O pós-carnaval de 1971 foi, em Salvador, uma festa de luz e calor. Na sexta-feira de cinzas acompanhei o acadêmico Orígenes Lessa, eximo conhecedor de literatura de cordel, até o Grêmio Brasileiro de Trovadores, no Largo do Mocambinho, onde o imortal receberia merecida honraria das mãos de Rodolfo Cavalcante.
Hoje o
imóvel azul de estilo eclético virou estacionamento. Será que o vizinho
restaurante Porto do Moreira – onde ia me deliciar com uma moqueca de miolos -
que acabou de fechar, terá o mesmo destino? A elite cultural da Bahia chora a
perda.
Assim vão
minguando as peculiaridades de Salvador, abocanhadas pelo capital selvagem que,
em parceria com nossos prefeitos, destrói a memória debaixo do manto obscuro,
obsceno, da ganância deslavada. Por nossas bandas a palavra “Mecenato” não
passa de mero trampolim publicitário de curtíssimo prazo. Que o digam o Cinema
Glauber Rocha e cem projetos socioculturais. Onde estão os maravilhosos “Donos
do Mundo” do Alto de Coutos que tanto nos encantou no teatro do Acbeu,
destruído para mais um shopping? Salvo erro era patrocinado pela Gerdau.
O Mini-Cacique,
com quem tive por trinta anos uma longa história de gula e paixão, fechou antes
da pandemia, vítima de um vizinho poderoso que não hesitava em praticar dumping
com comida barata e ruim em ambiente “metido” para reinar solitário. Ainda
choro o cozido das sextas e a língua das terças.
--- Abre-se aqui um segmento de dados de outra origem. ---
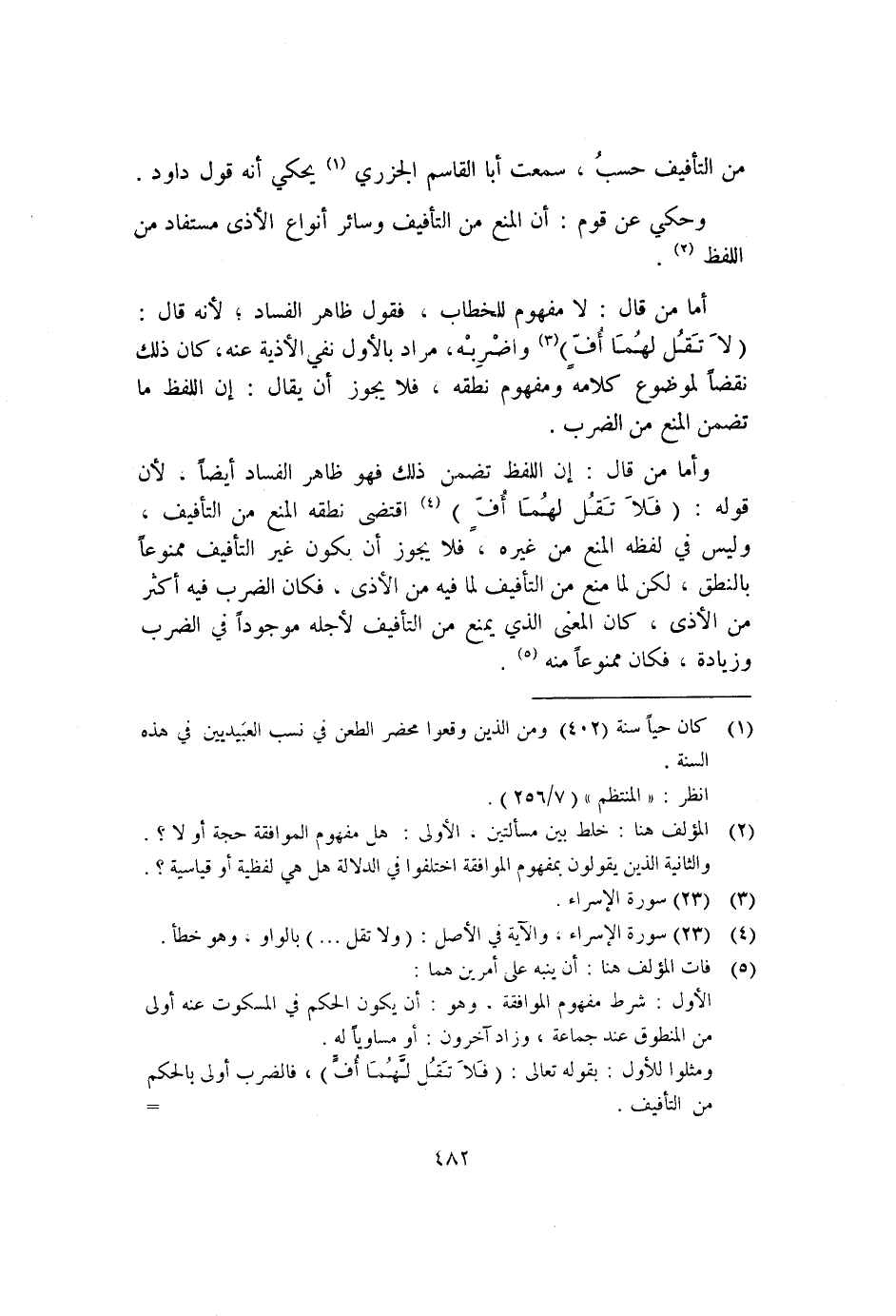وأما من قال: إن اللفظ تضمن ذلك فهو ظاهر الفساد أيضًا؛ لأن قوله: {فَلا تَقُلْ لَهُمَا أُفٍّ} ٤ اقتضى نطقه المنع من التأفيف، وليس في لفظه المنع من غيره؛ فلا يجوز أن يكون غير التأفيف ممنوعًا بالنطق، لكن لما منع من التأفيف من الأذى، فكان الضرب فيه أكثر من الأذى، كان المعنى الذي يمنع من التأفيف لأجله مجودًا في الضرب وزيادة، فكان ممنوعًا منه٥.

Se falasse do doce de leite,
me emocionaria.
Descendo a
ladeira do Taboão, não mais encontrarei o centenário Colón no seu elegante
casarão colonial, seu filé a parmegiana e seu bacalhau a martelo. Para onde
foram as antigas fotos de uma Salvador que vai desaparecendo a cada dia mais um
pouco, sob o olhar indiferente da mediocridade institucionalizada?
A pouca
distância, numa esquina do selvagemente depredado Mercado do Ouro, não terei mais
o raro prazer de saborear o melhor filé desta terra. Com aspecto de queimado,
chegava à mesa de toalha branca um tijolo de pouca sedução. Mas ao cortar,
aparecia uma carne macia digna do mais exclusivo wagyu de Tóquio. Fechou antes
da pandemia e os inúmeros adeptos passam a se lamentar pela porta empoeirada,
com ar de fim de civilização. E é mesmo do fim de uma Bahia mais civilizada,
menos imediatista, que se trata.
Não seria o
caso das diversas fundações ditas culturais tomarem alguma medida para manter
vivos estes estabelecimentos que são tão importantes quanto as baianas de
acarajé, a capoeira Angola ou as rodas de samba? Isenção de impostos,
valorização através das mídias e das secretarias de turismo, Sebrai/Senac,
ajuda econômica na manutenção das instalações e mobílias, mas sem a
burro-cracia que acompanha tradicionalmente qualquer intervenção institucional.